Du poulet !

Midi quinze. Comme chaque jour ouvrable la file d’attente du self-service s’allonge et se densifie.

L’opération consistant à prendre un plateau dans la pile se passe généralement bien. La suivante consiste à extirper une entrée et/ou un dessert du portant jouxtant la glissière. Bien que plus périlleuse, elle est également maîtrisée par la majorité.

Seule la troisième opération est réellement redoutable, finalement. Et visiblement redoutée. Elle consiste en demander au personnel situé derrière la glissière le plat que l’on désire manger. Cela implique une chose terrible : formuler et exprimer une pensée, et le faire dans le respect des usages (théoriquement) communs de vie en société.

–         Bonjour !, s’exclame inlassablement Jeanine, ou Walter, en fonction du jour.

–         Du poulet.

Pas de ton, pas d’exclamation. Pas de fatigue non plus. Ni sourire ni grimace. Juste « du poulet ».

On peut s’interroger quant à cette réponse. Est-ce que celui qui l’a formulée a des problèmes de prononciation, ce qui le pousse à limiter le nombre de mots employés afin d’éviter une gênante hésitation ?

Est-ce un problème de vocabulaire ou de compréhension de la langue ? En voyageant à l’étranger, on est parfois amené à répondre dans la langue du pays par courtoisie mais de façon minimale, faute de connaissances. Mais au moins c’est avec un sourire.

Ou bien est-ce une difficulté liée à la conception des phrases, à la structure même du langage ? Une sorte de limitation donc, et qui empêcherait d’élaborer des phrases plus complexes ?

Notre demandeur de poulet s’appelle Guillaume Bernard(*). Il est âgé de 29 ans, et est ingénieur bac+5. Son métier est de concevoir des applications informatiques assez complexes. Ou bien il se nomme Jean-Marc le Pontel. 56 ans, grande école, il est responsable du service marketing et dirige une cinquantaine de personnes.

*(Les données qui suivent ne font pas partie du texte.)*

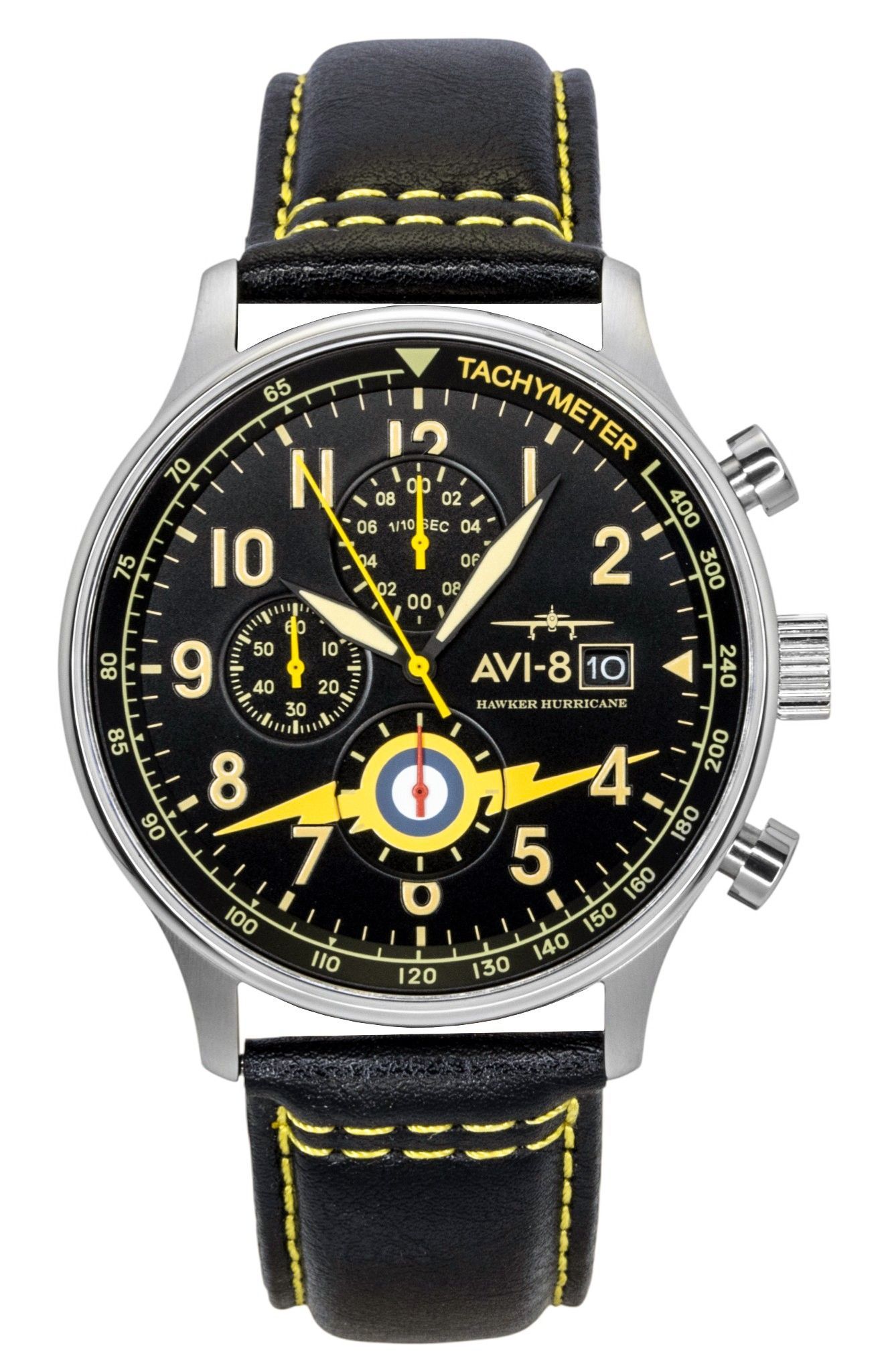 AVI-8 Hawker Hurricane Classic Chronograph Leather Strap Black Dial Quartz AV-4011-0Z Men’s Watch With Extra Strap

Ne maîtrisant pas leur propre langue, comment peuvent-ils occuper de tels postes ? Ils ont pourtant besoin de communiquer avec un bon nombre de personnes chaque jour.

Mais s’ils s’expriment avec fluidité lorsque leur fonction l’exige, ils semblent bien incapables de concevoir la moindre phrase de leur cru. Ce sont des outils, pas des vrais gens, en fait. Ils ont été construits de façon à occuper un rôle donné, mais ne se sont jamais construits, et de ce fait n’existent pas vraiment. Alors pas besoin de mots pour s’exprimer.

Heureusement que tous ne sont pas comme eux.

(*) Tous les noms cités ici sont bien évidemment fictifs.